The present study examined how listeners’ pointing gestures, defined as the initial placement of the searcher’s index finger, affect the efficiency and dynamics of a collaborative spatial search task. Specifically, we aimed to determine whether the searchers’ pointing gestures function not only as indicators of comprehension but also as visible resources that actively shape the instructor’s communicative strategies. The findings produced two main outcomes. First, trials involving searchers’ pointing placement resulted in significantly faster task completion times compared to those without such gestures. This suggests that listeners’ pointing can contribute to the early alignment of shared spatial reference frames, reducing ambiguity in the instructor’s guidance. Second, we observed that searchers’ pointing placement elicited significantly longer gesture durations by instructors, indicating that the presence of visible listener gestures may influence the production and sustainment of multimodal speaker behaviour. While our first hypothesis that instructors’ pointing gestures would improve task efficiency was not supported, our second hypothesis was supported in that searchers’ pointing facilitated more efficient collaboration and shaped the instructor’s gestural behaviour. It is important to note, however, that the absence of a statistically significant effect of instructors’ gestures should not be interpreted as definitive evidence of no effect. Rather, our analyses provide no evidence for such an effect under the current design, and it remains possible that smaller effects were not detected due to limited statistical power or the analytical constraints of dyad-level analyses.
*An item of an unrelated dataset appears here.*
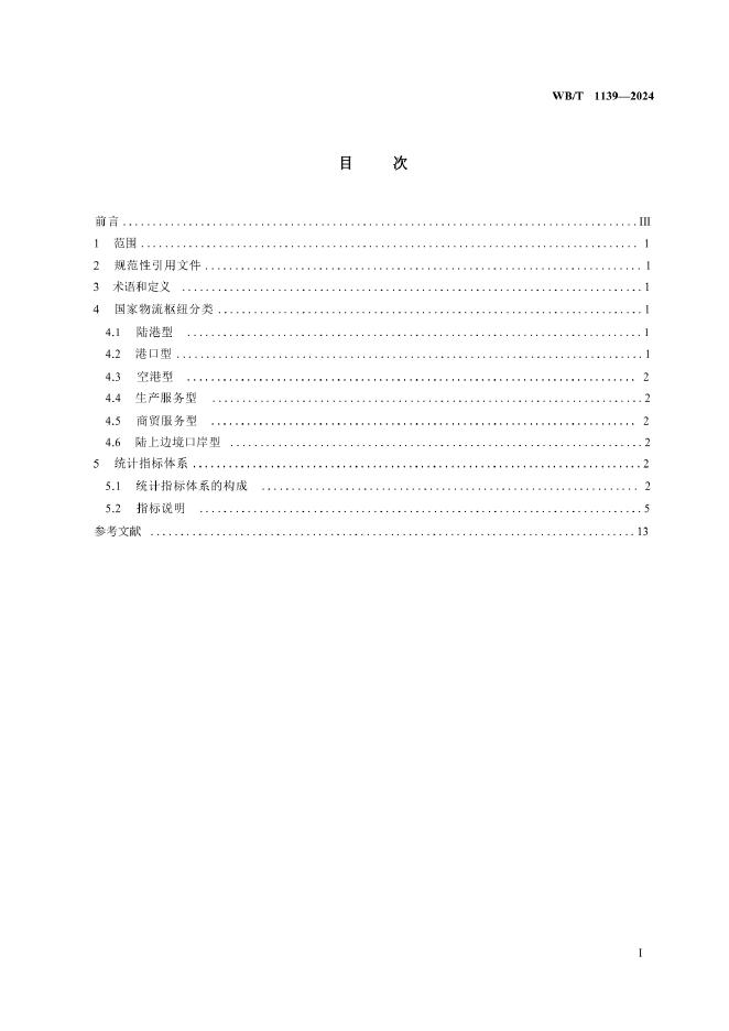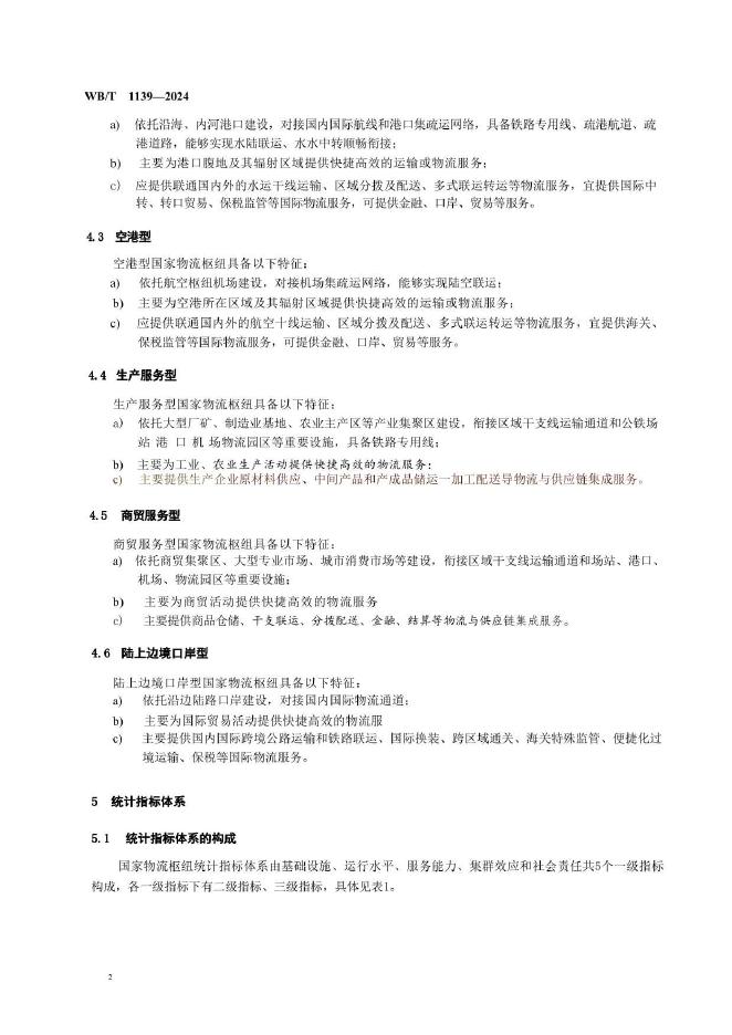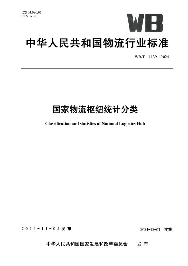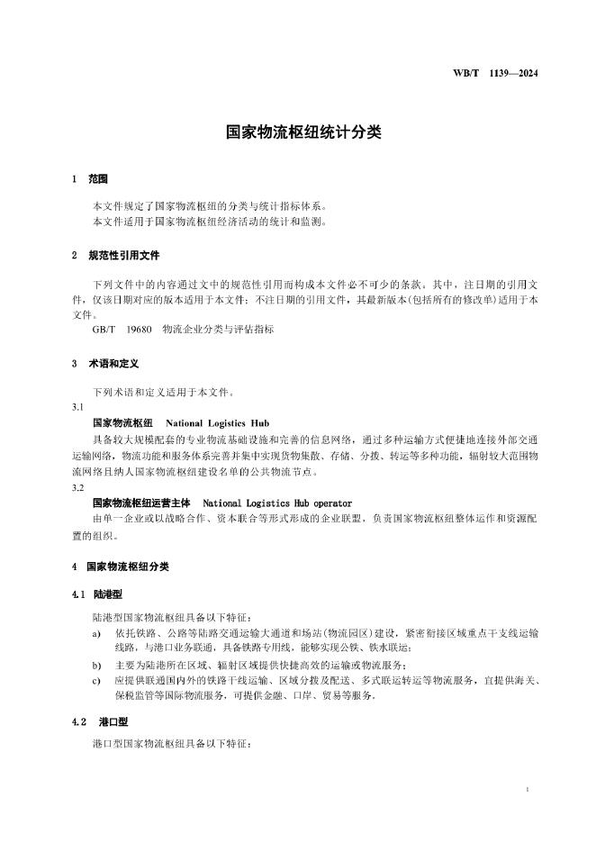 WB/T 1139-2024 国家物流枢纽统计分类

Instructors’ gestures did not enhance task efficiency or significantly reduce the number of utterances. This finding contrasts with previous research (e.g., Bangerter and Chevalley, 2007), which showed that pointing gestures facilitate communication in collaborative tasks by reducing verbal effort. One possible explanation lies in the communicative function of the instructor’s pointing gestures. In Bangerter and Chevalley’s (2007) study, instructors were free to use speech and/or gestures to directly identify each target, so gestures could replace parts of the verbal description. In contrast, in our study instructors were not allowed to point directly to the target dot on the searcher’s board. As a result, gestures in our task mainly functioned as supportive cues rather than direct identifiers, leading to a smaller impact on verbal effort. This suggests that even when gestures are of the same type, such as pointing, their communicative function within the task context determines how strongly they interact with speech to affect efficiency.

4.2 Interpretation of listener gesture effects

The observed facilitative effect of searchers’ pointing gestures on task efficiency can be interpreted in light of prior research emphasising the facilitative role of listeners’ gestures in collaborative interaction. One possibility is that searchers’ pointing acts as a visible cue of attentional and cognitive focus, enabling instructors to adapt their verbal and gestural strategies in real time. This interpretation aligns with the findings of Healey et al.’s (2015) study, which demonstrated that listener gestures actively contribute to maintaining mutual understanding, rather than functioning merely as feedback to the speaker. In our study, even the act of holding a finger at the centre of the board may have signalled a preliminary spatial commitment or point of reference, thereby allowing instructors to anchor their instructions more efficiently.

Furthermore, listeners’ gestures may function as a form of incremental feedback, as suggested by Holler and Wilkin (2011). They argued that gestural mimicry by listeners serves to display ongoing understanding and to facilitate the formation of common ground. In our context, while the searchers’ pointing did not directly mimic the instructor’s gestures, their presence nevertheless provided instructors with an embodied frame of reference, one that could be manipulated, verified or corrected. Such interpretations are supported by Hosoma et al. (2004), who reported that instructors in a similar spatial task spontaneously used the position of the listener’s pointing finger to guide subsequent instructions. Our findings provide the first quantitative evidence for this phenomenon, demonstrating that searchers’ pointing gestures are not merely expressions of understanding, but also serve as communicative resources that instructors actively use to organise and accelerate coordination.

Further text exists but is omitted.